## Data excerpt
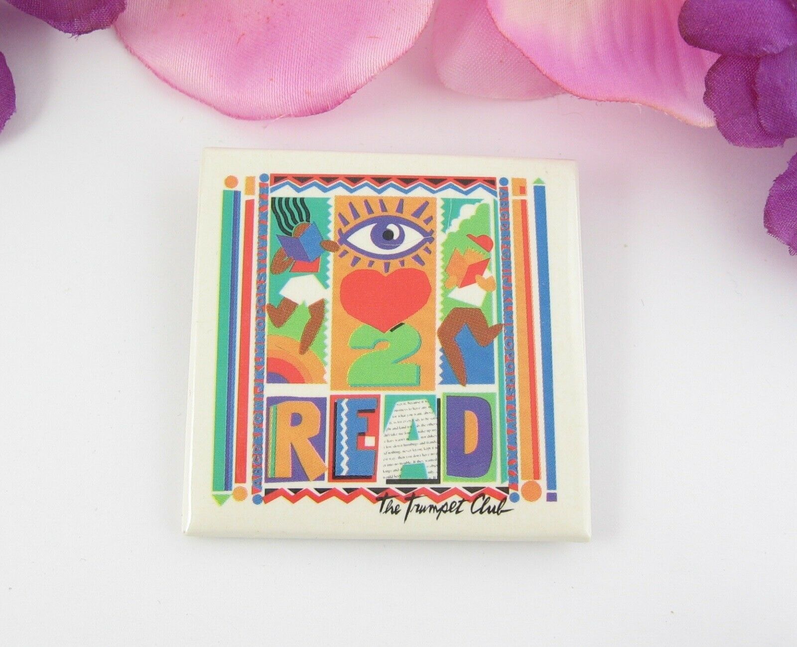 I LOVE TO READ - This square pin is an artsy pin full of colors. The image of an Eye stands in for the "I" and a Heart stands in for the word "Love". A green number 2 is under that and the word "READ" in colorful bold letters. The company that made this pin is called "The Trumpet Club" and it is dated 1991.
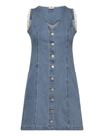 Denne ærmeløse kjole er fremstillet i klassisk denim og har en knaplukning foran. V-halsdesignet og panelerne skaber en flatterende silhuet. En alsidig beklædningsgenstand, der kan dresses op eller ned.
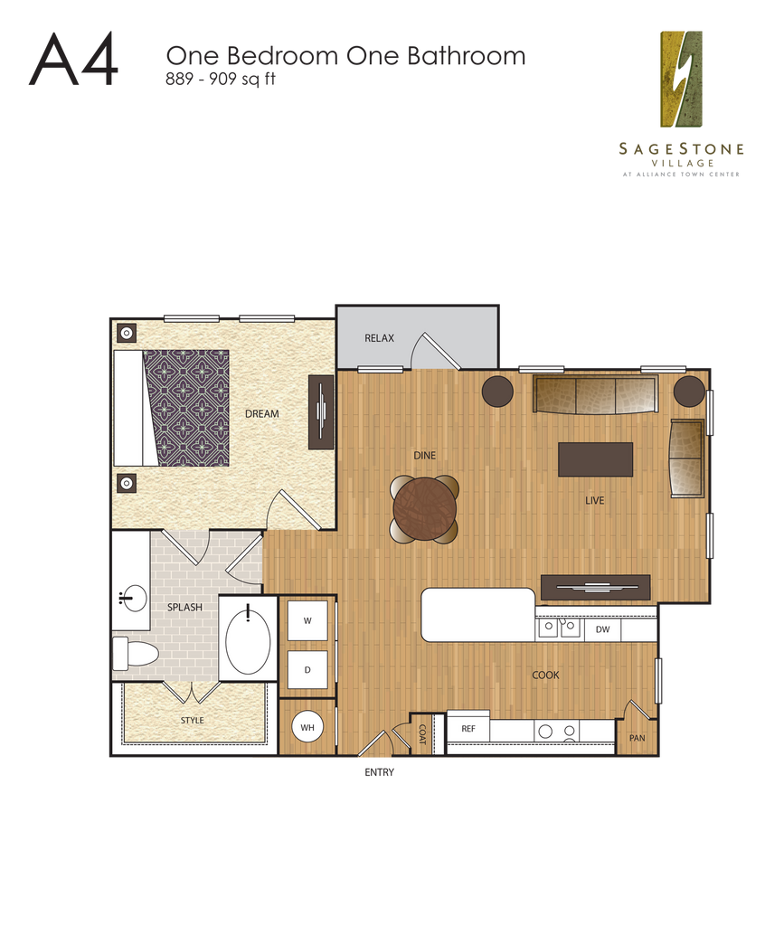 1 Dormitorio, 1 Baño, 909 pies²Disponible AhoraGalería del Modelo
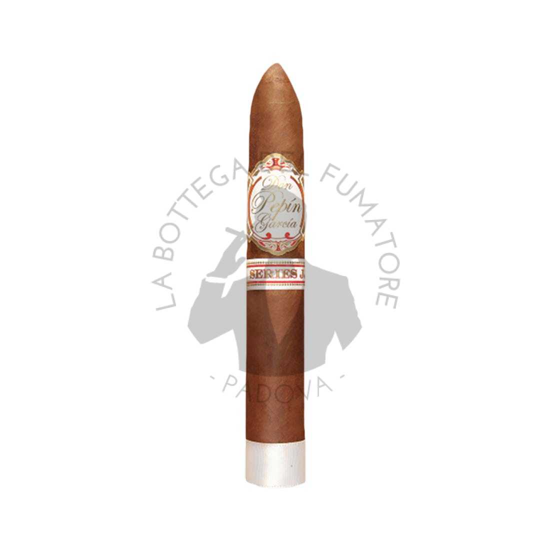 La serie JJ prende il nome dal primo nome di Pepin (Jose) e da quello di suo figlio (Jaime). Don Pepin Garcia JJ Belicosos è un delizioso sigaro fatto a mano presso la fabbrica El Rey de Los Habanos a Miami. Rivestito da una foglia di fascia in tabacco Corojo-Rosado di un brillante color caramello, oleosa e liscia. Capote e tripa invece sono interamente nicaraguensi e coltivati nelle piantagioni di proprietà di My Father Cigars, nelle regioni di Jalapa ed Estelì.

## Your instructions
Take only the lines above from the one that has "Denne ærmeløse kjole" through the one that has "1 Dormitorio, 1" and reproduce them exactly, omitting any pictures.

## Reply to the exercise
 Denne ærmeløse kjole er fremstillet i klassisk denim og har en knaplukning foran. V-halsdesignet og panelerne skaber en flatterende silhuet. En alsidig beklædningsgenstand, der kan dresses op eller ned.
 1 Dormitorio, 1 Baño, 909 pies²Disponible AhoraGalería del Modelo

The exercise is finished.